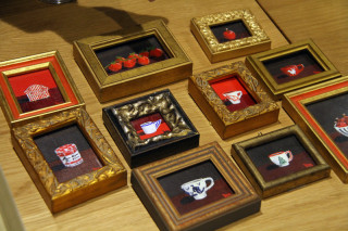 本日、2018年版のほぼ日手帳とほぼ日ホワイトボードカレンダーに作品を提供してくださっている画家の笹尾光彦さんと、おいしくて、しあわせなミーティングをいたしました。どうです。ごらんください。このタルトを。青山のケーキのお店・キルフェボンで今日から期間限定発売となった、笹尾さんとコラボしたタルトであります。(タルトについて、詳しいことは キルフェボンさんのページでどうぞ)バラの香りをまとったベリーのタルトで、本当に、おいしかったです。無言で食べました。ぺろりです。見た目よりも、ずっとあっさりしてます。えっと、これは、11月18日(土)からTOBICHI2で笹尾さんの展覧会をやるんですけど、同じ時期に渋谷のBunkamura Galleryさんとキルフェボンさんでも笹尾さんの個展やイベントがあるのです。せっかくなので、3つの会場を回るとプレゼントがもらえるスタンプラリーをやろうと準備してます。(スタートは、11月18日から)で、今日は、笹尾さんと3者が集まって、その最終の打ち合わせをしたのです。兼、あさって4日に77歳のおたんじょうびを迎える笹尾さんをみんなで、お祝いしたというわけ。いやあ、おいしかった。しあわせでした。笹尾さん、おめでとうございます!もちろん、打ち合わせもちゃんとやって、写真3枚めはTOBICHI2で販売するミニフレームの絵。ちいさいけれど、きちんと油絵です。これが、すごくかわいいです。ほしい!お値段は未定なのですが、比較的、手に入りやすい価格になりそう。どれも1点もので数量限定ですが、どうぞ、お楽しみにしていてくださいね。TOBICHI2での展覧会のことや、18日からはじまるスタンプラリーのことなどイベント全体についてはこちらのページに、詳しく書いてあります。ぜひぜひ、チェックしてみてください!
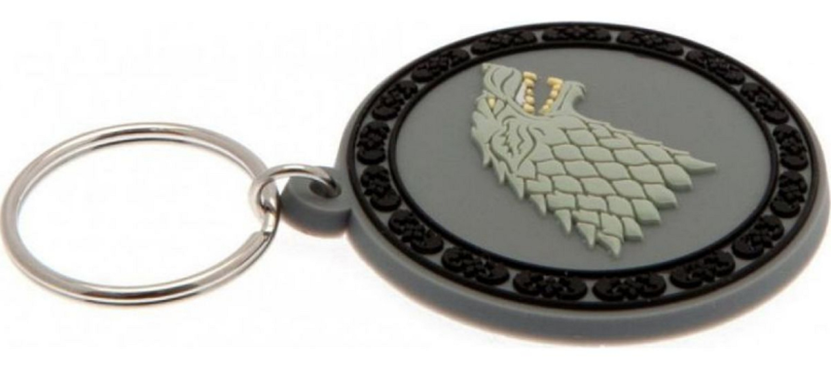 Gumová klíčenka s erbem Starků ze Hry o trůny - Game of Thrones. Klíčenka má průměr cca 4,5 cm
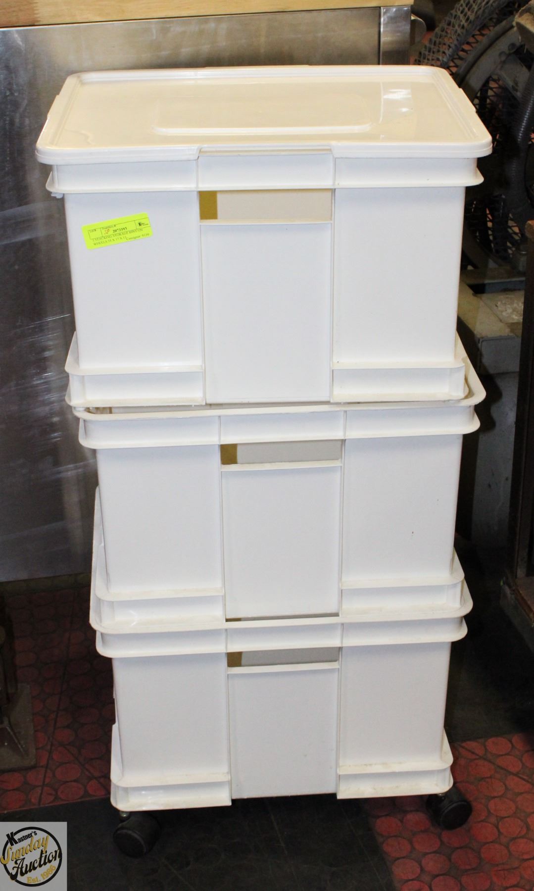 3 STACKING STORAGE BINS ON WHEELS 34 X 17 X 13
==
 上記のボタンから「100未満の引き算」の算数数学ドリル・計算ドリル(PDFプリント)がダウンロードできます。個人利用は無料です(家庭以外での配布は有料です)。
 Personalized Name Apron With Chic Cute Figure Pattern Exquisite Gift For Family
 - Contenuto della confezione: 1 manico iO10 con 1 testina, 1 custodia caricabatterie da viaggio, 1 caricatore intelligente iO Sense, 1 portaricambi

» **Directions**:
Which lines run from the one holding "Personalized Name Apron" through the one holding "- Contenuto della" in the records above? Repeat them exactly, both included, and nothing more.

» **Answer area**:
 Personalized Name Apron With Chic Cute Figure Pattern Exquisite Gift For Family
 - Contenuto della confezione: 1 manico iO10 con 1 testina, 1 custodia caricabatterie da viaggio, 1 caricatore intelligente iO Sense, 1 portaricambi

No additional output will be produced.